Гоголя не покидает его природный юмор. Он не теряет спокойствия, присутствия духа. Но вот что сообщает Аксакову 10 июня 1847 года: «Знаю только, что сердце моё разбито и деятельность моя отнялась. Можно вести брань с самыми ожесточёнными врагами, но храни Бог всякого от этой страшной битвы с друзьями! Тут всё изнеможет, что ни есть в тебе. Друг мой, я изнемог…»
Через некоторое время Николай Васильевич выполняет своё давнее желание и отправляется на Святую землю. В его письме Жуковскому есть такие слова: «Моё путешествие в Палестину точно было совершено мною затем, чтобы узнать лично и как бы узреть собственными глазами, как велика чёрствость моего сердца. Друг, велика эта чёрствость!

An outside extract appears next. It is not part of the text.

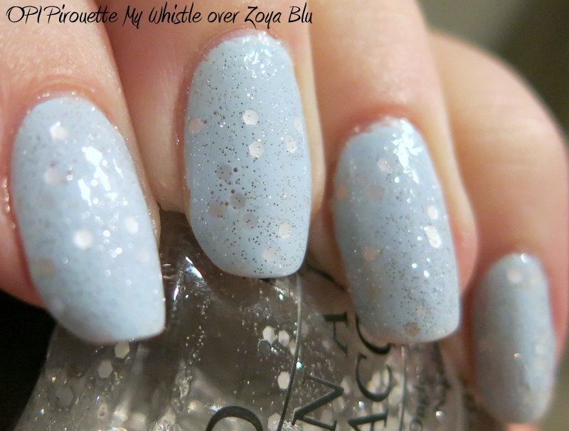 OPI Pirouette My Whistle over Zoya Blu

Я удостоился провести ночь у Гроба Спасителя, я удостоился приобщиться от Святых Тайн, стоявших на самом Гробе вместо алтаря, – и при всём том я не стал лучшим, тогда как всё земное должно бы во мне сгореть и остаться одно небесное».
И всё-таки Гоголь изменился после этой поездки. Об этом писала княжна Варвара Николаевна Репнина: «Лицо его носило отпечаток перемены, которая воспоследовала в душе его. Прежде ему ясны были люди; но он был закрыт для них, и одна ирония показывалась наружу. Она колола их острым его носом, жгла его выразительными глазами; его боялись. Теперь он сделался ясным для других; он добр, он мягок, он братски сочувствует людям, он так доступен, он снисходителен, он дышит христианством».